(Instructions for the task): Print the lines that run from the line with "Este mediodía Andrea" to the line with "盤扣復古拼色棉麻立領刺繡七分", keeping both end lines, exactly as they appear in the entries below, and nothing else.

(Raw data):
·····
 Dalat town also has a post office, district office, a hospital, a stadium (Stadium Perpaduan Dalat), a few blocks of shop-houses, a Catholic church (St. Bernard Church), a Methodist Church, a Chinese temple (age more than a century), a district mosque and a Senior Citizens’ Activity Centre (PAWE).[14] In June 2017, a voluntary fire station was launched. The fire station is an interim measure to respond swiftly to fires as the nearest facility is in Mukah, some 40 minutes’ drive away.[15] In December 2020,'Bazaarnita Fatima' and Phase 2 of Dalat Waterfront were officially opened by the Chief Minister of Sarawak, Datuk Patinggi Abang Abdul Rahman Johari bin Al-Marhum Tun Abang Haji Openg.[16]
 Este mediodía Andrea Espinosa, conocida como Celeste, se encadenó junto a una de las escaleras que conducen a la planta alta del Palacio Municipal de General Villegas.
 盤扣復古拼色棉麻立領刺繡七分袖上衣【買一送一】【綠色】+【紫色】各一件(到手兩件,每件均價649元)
·····
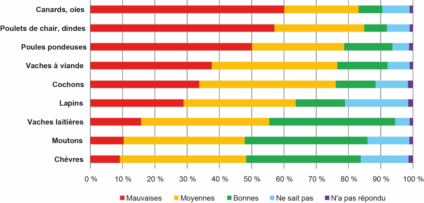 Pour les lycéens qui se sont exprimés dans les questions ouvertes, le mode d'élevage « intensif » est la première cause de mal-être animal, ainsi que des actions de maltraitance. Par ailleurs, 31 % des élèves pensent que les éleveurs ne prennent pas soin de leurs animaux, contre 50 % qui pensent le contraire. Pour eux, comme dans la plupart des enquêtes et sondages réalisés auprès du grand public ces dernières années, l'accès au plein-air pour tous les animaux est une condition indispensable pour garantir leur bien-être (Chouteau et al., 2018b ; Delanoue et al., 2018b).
·····
(Solved exercise):
 Este mediodía Andrea Espinosa, conocida como Celeste, se encadenó junto a una de las escaleras que conducen a la planta alta del Palacio Municipal de General Villegas.
 盤扣復古拼色棉麻立領刺繡七分袖上衣【買一送一】【綠色】+【紫色】各一件(到手兩件,每件均價649元)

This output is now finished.